IPOL.ID – Komisi Pemberantasan Korupsi (KPK) mulai menerapkan kebijakan baru dalam penyampaian perkara kepada publik. Mulai awal 2026, lembaga antirasuah tersebut tidak lagi menghadirkan tersangka dalam konferensi pers, seiring berlakunya Kitab Undang-Undang Hukum Acara Pidana (KUHAP) baru.
Perubahan ini terlihat dalam konferensi pers pengumuman hasil Operasi Tangkap Tangan (OTT) terkait dugaan suap pemeriksaan pajak di lingkungan Kantor Pelayanan Pajak (KPP) Madya Jakarta Utara, periode 2021-2026, yang digelar di Gedung Merah Putih KPK, Minggu (11/1).

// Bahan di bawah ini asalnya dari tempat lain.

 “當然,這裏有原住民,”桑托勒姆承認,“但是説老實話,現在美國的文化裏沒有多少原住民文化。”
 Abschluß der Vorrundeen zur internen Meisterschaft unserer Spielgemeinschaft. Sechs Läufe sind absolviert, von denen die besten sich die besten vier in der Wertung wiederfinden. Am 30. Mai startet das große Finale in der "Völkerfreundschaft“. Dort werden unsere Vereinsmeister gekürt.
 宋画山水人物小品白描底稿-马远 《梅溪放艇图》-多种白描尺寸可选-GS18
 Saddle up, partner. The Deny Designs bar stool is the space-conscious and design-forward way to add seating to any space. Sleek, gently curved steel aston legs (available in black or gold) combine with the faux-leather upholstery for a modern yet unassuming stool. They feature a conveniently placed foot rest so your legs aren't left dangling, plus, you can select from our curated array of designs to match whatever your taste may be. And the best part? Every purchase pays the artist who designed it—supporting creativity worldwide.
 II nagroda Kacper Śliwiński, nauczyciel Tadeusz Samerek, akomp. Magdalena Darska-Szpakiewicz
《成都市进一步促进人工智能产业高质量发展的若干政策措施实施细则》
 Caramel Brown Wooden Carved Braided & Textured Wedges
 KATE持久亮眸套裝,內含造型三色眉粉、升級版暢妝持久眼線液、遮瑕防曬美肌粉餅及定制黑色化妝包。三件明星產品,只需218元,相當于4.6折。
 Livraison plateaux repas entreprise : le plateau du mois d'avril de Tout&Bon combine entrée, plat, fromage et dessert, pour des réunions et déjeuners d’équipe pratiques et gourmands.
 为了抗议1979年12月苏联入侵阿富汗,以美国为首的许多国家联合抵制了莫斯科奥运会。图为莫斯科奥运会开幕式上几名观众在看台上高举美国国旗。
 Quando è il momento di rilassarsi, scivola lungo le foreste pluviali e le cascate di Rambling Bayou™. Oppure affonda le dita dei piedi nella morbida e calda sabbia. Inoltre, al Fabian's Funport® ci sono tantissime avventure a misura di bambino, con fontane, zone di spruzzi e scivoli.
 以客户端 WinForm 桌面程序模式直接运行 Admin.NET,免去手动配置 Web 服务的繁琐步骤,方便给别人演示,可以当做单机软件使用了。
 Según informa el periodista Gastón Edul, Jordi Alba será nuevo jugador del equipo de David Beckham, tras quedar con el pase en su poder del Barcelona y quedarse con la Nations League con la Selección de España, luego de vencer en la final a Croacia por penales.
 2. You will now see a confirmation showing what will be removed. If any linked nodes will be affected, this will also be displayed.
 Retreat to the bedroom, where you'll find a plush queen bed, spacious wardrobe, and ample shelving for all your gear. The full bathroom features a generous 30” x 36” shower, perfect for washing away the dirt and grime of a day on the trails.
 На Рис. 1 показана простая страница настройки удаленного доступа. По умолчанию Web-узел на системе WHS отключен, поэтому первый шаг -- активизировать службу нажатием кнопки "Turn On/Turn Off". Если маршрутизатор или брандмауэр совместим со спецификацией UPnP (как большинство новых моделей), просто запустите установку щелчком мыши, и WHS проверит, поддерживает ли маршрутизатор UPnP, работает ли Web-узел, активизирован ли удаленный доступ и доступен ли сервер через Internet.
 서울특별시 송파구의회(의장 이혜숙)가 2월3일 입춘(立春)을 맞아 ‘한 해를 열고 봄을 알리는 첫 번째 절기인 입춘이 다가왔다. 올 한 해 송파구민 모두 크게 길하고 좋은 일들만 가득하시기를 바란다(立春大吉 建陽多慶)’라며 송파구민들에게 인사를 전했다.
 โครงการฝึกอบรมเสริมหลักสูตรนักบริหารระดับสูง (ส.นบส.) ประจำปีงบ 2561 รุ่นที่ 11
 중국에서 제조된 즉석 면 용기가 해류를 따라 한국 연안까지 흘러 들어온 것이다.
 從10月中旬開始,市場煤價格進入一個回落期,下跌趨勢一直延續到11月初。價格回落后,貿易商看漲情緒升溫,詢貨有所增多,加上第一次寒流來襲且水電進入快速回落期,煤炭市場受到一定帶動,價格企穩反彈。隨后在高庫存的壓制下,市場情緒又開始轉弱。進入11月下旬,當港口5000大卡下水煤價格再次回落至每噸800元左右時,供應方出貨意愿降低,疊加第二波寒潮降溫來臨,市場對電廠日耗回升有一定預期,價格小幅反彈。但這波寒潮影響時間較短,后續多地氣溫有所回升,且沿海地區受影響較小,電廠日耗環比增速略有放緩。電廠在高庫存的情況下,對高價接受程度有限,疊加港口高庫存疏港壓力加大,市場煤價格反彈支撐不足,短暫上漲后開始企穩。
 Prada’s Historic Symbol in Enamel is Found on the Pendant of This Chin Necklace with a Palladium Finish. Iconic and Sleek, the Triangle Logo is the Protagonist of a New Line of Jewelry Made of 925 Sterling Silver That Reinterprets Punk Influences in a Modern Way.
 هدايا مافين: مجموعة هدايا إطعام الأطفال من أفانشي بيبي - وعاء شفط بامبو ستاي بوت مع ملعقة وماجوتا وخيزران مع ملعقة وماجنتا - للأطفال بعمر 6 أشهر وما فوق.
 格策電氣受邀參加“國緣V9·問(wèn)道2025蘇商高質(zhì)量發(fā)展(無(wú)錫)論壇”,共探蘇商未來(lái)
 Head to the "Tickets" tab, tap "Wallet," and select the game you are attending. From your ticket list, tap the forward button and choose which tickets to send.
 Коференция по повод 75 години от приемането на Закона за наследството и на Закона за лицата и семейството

“Mungkin rekan-rekan bertanya agak beda hari ini. Konferensi pers hari ini agak beda. ‘Kenapa kok enggak ditampilkan apa para tersangkanya?’ Nah itu salah satunya kami juga sudah mengadopsi KUHAP yang baru gitu ya,” kata Plt. Deputi Penindakan dan Eksekusi KPK Asep Guntur Rahayu.
Ia menjelaskan perubahan ini merupakan konsekuensi dari penerapan Undang-Undang Nomor 20 Tahun 2025 tentang KUHAP, yang menempatkan perlindungan hak asasi manusia sebagai salah satu prinsip utama penegakan hukum.